Alex and Gene, meanwhile, come closer than they ever have to a full-blown sexual encounter with one another. While the night is ruined by the explosion at the South African embassy, the two retire to Alex's place where they dance that delicate dance and very nearly kiss for the first time. But whatever trust is there, whatever fragile faith, is destroyed by Keats' appearance with those photographs, which he claims depicts the grave of Sam Tyler, one in the shadow of that house with the weathervane.

I don't believe that is the case. Gene, though he tells Alex that he helped Sam fake his death, didn't tell her the whole story. And while there might be a grave in those fields, it's not Sam Tyler's grave, but that of Officer 6620. Just who is he? Another traveler, like Alex and Sam? Or, as I've suspected for a while now, the body of the "real" Gene Hunt, dead and buried all these years? Will finding that corpse and unearthing it cause this world to end, to disintegrate into nothing more than stars in their firmament?

There's also the matter of the bullet. Keats makes a point of referring to the bullet that nearly killed Alex and she infers that he means the accidental shot that Gene took at her in Season Two. But what if he was referring instead to that original bullet, the one that Layton fired at her skull in the very first episode? The point of impact that would have likely shattered her mind had Gene Hunt not stepped in to save her psyche?

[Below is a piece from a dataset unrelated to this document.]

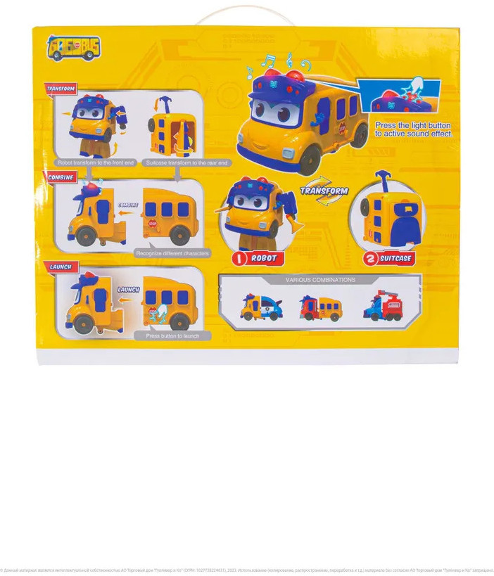 💳 Оплатить за товар можно при получении 🇰🇿 Есть бесплатная доставка по Казахстану от 1 дня 🎁 Копите бонусы с каждой покупки Автобус Гордон — главный герой одноименного мультсериала. Игрушка автобус всегда спешит на помощь малышам, превращаясь в различные транспортные средства. Трансформер автобус Гордон легко трансформируется в робота. Трансформация происходит за несколько простых движений. Ребенок может играть двумя игрушками попеременно, ведь это игрушка 2 в 1 — машинка и робот. У трансформера имеются световые и звуковые эффекты, что добавляет игре с роботами релистичность и интерес. Превращаясь из автомобиля в робота, получается дополнительный аксессуар. Корпус машины изготовлен из крепкого качественного пластика. Игрушки роботы трансформеры — отличный подарок для мальчика и для девочки 3 года и старше. |

As Gene said, the Final Chapter is at hand now. (Or as he actually said, "This is the final chapter, Bolly.") We've only got one episode of Ashes to Ashes remaining as the interconnected mysteries of Gene Hunt, Sam Tyler, Jim Keats, and the true nature of this world come crashing to a conclusion on Friday evening. Regardless of the outcome and the numerous reveals that the episode will likely contain, I'm going to miss Ashes to Ashes more than I can say, from the memorable characters to the mind-bending mysteries that the series has kicked up over the course of its intoxicating run.

The end is almost here... Will it end with Gene pouring Alex a big glass of Chianti or the destruction of their entire world, ashes to ashes, dust to dust? Find out Friday.

What do you think is going on here? Is the gang already long dead? Clinging to life? Will Alex get home or is that not even a vital component to the series anymore? Just who are Gene Hunt and Jim Keats? What happened to Sam Tyler? Head to the comments section to discuss.

On the series finale of Ashes to Ashes, DCI Gene Hunt and his team investigate a diamond heist following the murder of three London gang members. But DI Alex Drake is distracted and, with encouragement from DCI Jim Keats, she decides to pursue her own investigation to the bitter end, seeking to discover whether Gene Hunt murdered Sam Tyler; Gene races after Alex, leaving Ray Carling, Chris Skelton and Shaz Granger to plan an ambitious sting operation. As Gene desperately tries to reach Alex before she discovers the truth, Chris, Shaz and Ray's world completely falls apart. It's time for Alex and the rest of the team to find out the truth about Gene Hunt...

Comments

Unknown said…
Thank you for finding time during the Upfronts and the ending of Lost to review the (near) ending of one of my
favorite shows of all time, "Ashes to Ashes."
I really don't want to guess as to the ultimate "identities" of these characters. I sense good and evil, and I like your Oz analogy, but I guess I've decided to get through this week unspoiled and just enjoy what Matthew Graham and Ashley Pharoah have written.

Although, with your Oz analogy, maybe Alex does get home? And is Gene the Wizard, and does he get respect? or what?

Yes, I DO have questions, but I SO don't want to be spoiled, and I don't want to write my own ending.

I will miss this show...

Can't wait for the US-release DVDs!
- Cindy from PA
Bella Spruce said…
Even though I have no idea what it means, I was so relieved when Chris finally got his "Life on Mars" moment in this last episode. Whatever is happening to them, at least they're all in it together now!

Every TV/film writer should watch that scene between Alex and Gene dancing in the dark as a "how to build sexual tension" reminder. Amazing!